» SUPPLIED ENTRIES
== Segment start ==
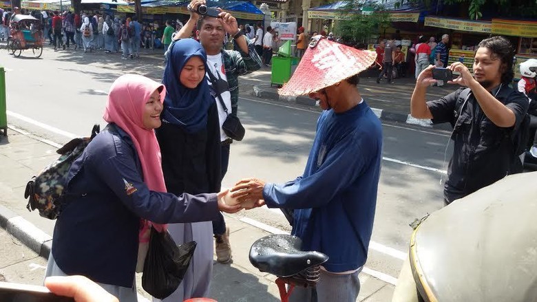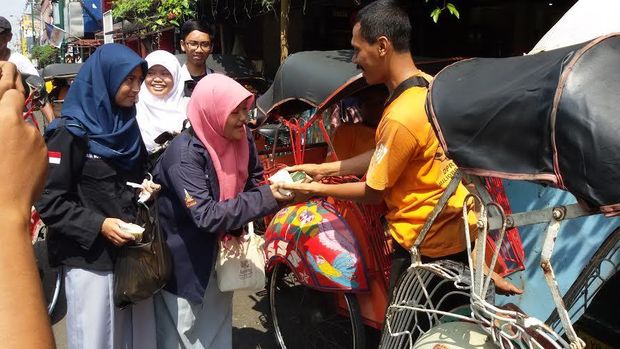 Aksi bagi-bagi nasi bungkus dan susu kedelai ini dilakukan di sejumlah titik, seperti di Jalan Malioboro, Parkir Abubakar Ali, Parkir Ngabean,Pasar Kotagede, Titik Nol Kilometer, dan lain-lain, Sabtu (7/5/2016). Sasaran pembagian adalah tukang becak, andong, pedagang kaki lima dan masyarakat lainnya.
== Segment end ==
== Segment start ==
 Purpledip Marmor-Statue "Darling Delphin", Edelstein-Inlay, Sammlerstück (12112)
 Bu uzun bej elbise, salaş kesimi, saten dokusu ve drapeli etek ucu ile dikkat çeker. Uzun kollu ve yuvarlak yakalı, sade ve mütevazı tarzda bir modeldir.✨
== Segment end ==
» ACTION ITEM
Could you repeat exactly the lines above from the line with "Edelstein-Inlay, Sammlerstück (12112)" up to and including the line with "Bu uzun bej", and only those?

» EXPECTED ANSWER
 Purpledip Marmor-Statue "Darling Delphin", Edelstein-Inlay, Sammlerstück (12112)
 Bu uzun bej elbise, salaş kesimi, saten dokusu ve drapeli etek ucu ile dikkat çeker. Uzun kollu ve yuvarlak yakalı, sade ve mütevazı tarzda bir modeldir.✨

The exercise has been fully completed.